How about a three light signal.

OGRR has a good thread. Look at the second post I have seen him before.

I like the circuit.


----------



## KarenORichmond (Nov 14, 2011)

I have 2 lights.

I was trying to use a MTH IR controller since I already had it. I followed that same instruction sheet you put a link to with wires going from posts to GND, NO, and NC. It works except for a lot of noise when it is activated and the flag goes down and the light then goes out (light is on when in the green position). The MTH IR does not have ACC PWR. It has AUX power inputs, NC, NO and COM. so will this not work with the semaphore?


----------



## KarenORichmond (Nov 14, 2011)

I tried to put the NC wire into the + power and then the flag goes down with red light on. If I cover the sensors on the controller I get the light to go out and the flag stays down. A lot of noise the whole time


----------



## KarenORichmond (Nov 14, 2011)

Moved NO wire to the + terminal and lights work and flag works, but when flag is activated it is still very noisy. Is this just a noisy controller or is there still something I need to do differently?


----------



## T-Man (May 16, 2008)

The semaphore is not electronic but an electromagnet, of course it is noisy.
If you know anybody that does model airplanes maybe you could replace it with a servo. Just a wild thought.


----------



## KarenORichmond (Nov 14, 2011)

I mean REALLY noisy. The gateman is noisy, this is NOISY


----------



## T-Man (May 16, 2008)

You could try a separate transformer. Use the variable terminals and throttle down. By reducing the power the noise may diminish.


----------



## KarenORichmond (Nov 14, 2011)

Was mostly concerned that I had something wired wrong causing it to be excessively noisy


----------



## T-Man (May 16, 2008)

You use a command control environment don't you? Then the accessories are clanking up at 18 volts. If you go to 12 it would be quieter.


----------



## KarenORichmond (Nov 14, 2011)

T-Man said:


> You use a command control environment don't you?
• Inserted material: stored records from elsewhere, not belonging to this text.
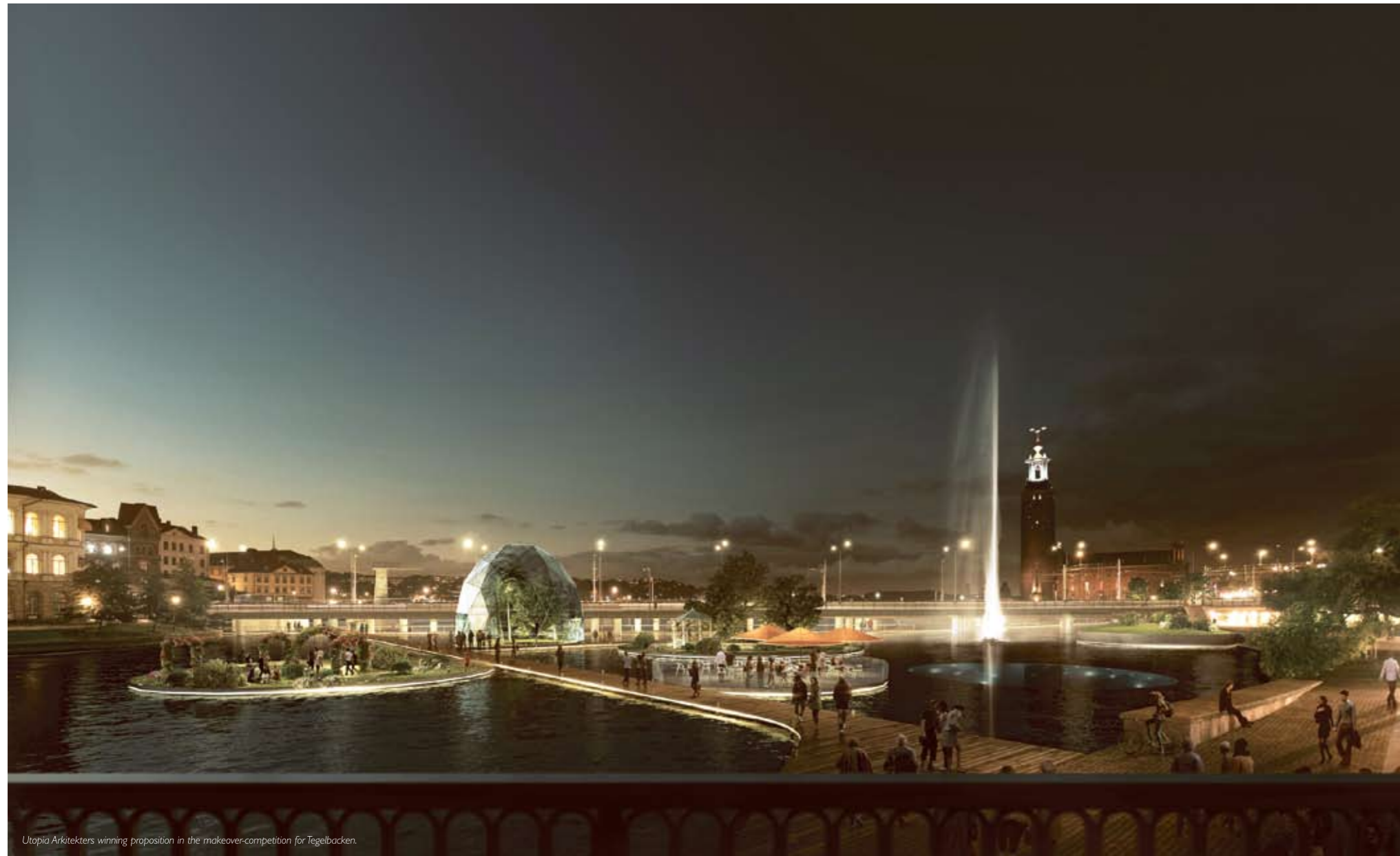
Utopia Arkitekter's winning proposition in the makeover-competition for Tegelbacken.
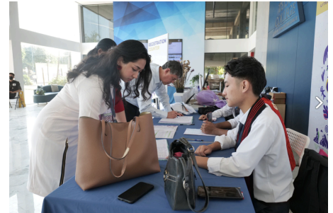
Tetso College of Dimapur, Nagaland, was the venue of The Listener: Nagaland and the Intangible Cultural Heritage Capacity Workshop.
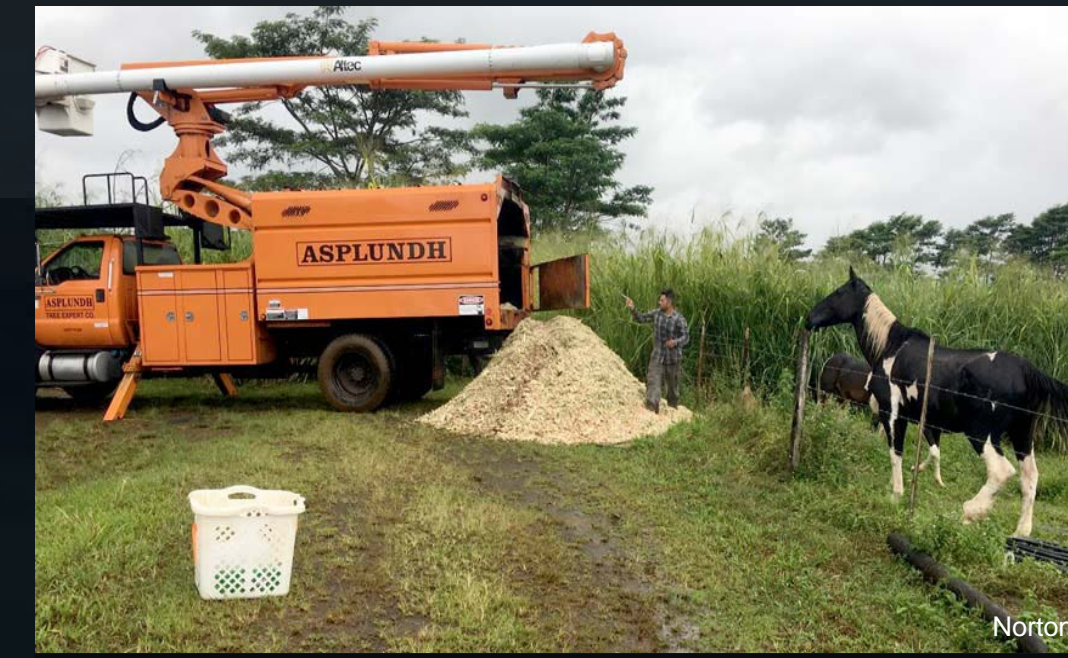
Mulching non-native albizia to support climate change mitigation and sustainable agricultural practices.

Then the accessories are clanking up at 18 volts. If you go to 12 it would be quieter.


We had gotten 3 of them off of ebay, one not in the greatest condition, one in nice condition and this one that was "new" and looked it. I took it off the layout to just test it (Shael insisted when we had tested it before it wasn't so noisy). It was indeed noisy. Less voltage didn't seem to make a difference. One of the other ones is quieter but needs the bulb changed (is this a push in and turn to get out?).


----------



## T-Man (May 16, 2008)

The semaphore is number 151, the bulb is a 51, a bayonet style, push and turn. I thought I posted it once. It eludes me.


----------



## KarenORichmond (Nov 14, 2011)

T-Man said:


> The semaphore is number 151, the bulb is a 51, a bayonet style, push and turn. I thought I posted it once. It eludes me.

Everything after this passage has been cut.